Acompanhamento ambulatorial: Aproximadamente 25% dos pacientes que se apresentam ao serviço de emergência com dor abdominal acabam por receber o diagnóstico de “dor abdominal inespecífica”, sendo o acompanhamento uma parte essencial do seu plano de disposição. Destes pacientes, o seguimento de 30 horas pode produzir uma diferença no diagnóstico ou tratamento em até 20%. Além do acompanhamento ambulatorial acelerado, muitos pacientes que apresentam dor abdominal inespecífica podem se beneficiar do acompanhamento ambulatorial especializado para testes adicionais não emergenciais.
Pérolas e Pitfalls
- Monitor sinais vitais para colapso hemodinâmico iminente
- Patientes com exame peritoneal justificam consulta cirúrgica precoce.
- Pacientes idosos podem apresentar sintomas muito atípicos, mas têm alta morbidade e mortalidade associadas com a queixa de dor abdominal. A TC é o diagnóstico de uma condição intra-abdominal urgente em 50% desses pacientes.
- Toda a mulher em idade fértil com dor abdominal deve receber um teste de gravidez.
- Difusa ou dor abdominal superior deve justificar uma avaliação cardíaca e pulmonar completa; irritação diafragmática pode se apresentar como desconforto abdominal.
- As causas mais frequentes de não diagnóstico por TC no departamento de emergência são patologia do quadrante superior direito (apenas 15-20% dos cálculos biliares são radiopacos) e infecções do trato urinário.
- Patientes com condições intra-abdominais significativas tendem a ter exames que evoluem com o tempo. Reexames frequentes ajudarão tanto no diagnóstico quanto no tratamento precoce.

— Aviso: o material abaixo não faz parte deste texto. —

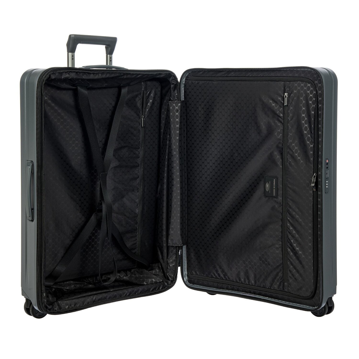 Step into the spotlight of the travel world with the Porsche Design hard-shell case from the coveted Roadster series, masterfully balanced on four wheels. Made from robust polycarbonate, it guarantees durability and protection to the highest degree. Its unique comfort is reflected in a lockable handle, a zippered compartment and a laundry compartment. Thanks to the expansion pleat, it stows more than meets the eye. A cross-body strap and a divider/packing plate keep the interior tidy and its TSA lock ensures security on all your adventures. The handy carrying handle makes the hard-shell case an indispensable companion. For all those who expect great things on their travels. Thanks to the expansion pleat, the suitcase can be extended to a width of 32 cm.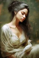 Klassiek romantisch portret van een serene vrouw met een witte duif.

- Gerenciar e tratar a dor quando apropriado.
- Quando em dúvida, providencie um acompanhamento próximo.
RESOLUÇÃO DE CASO
Resolução de caso: A paciente recebe morfina e ondansetron com boa resolução nos seus sintomas. O ECG dela é normal. Um ultra-som à beira do leito demonstra cálculos biliares com vesícula biliar de aspecto normal sem espessamento da parede, líquido pericolecístico, ou ducto biliar comum dilatado. Os testes de função hepática, contagem de leucócitos e lipase estão normais. O teste de gravidez e a análise da urina são igualmente normais. Após uma hora de observação ela tolera alimentos sem dor significativa e seu exame abdominal é benigno. Ela recebe alta em casa com rigorosas precauções de retorno e encaminhamento ambulatorial para cirurgia geral para discutir coleistectomia eletiva para colelitíase sintomática.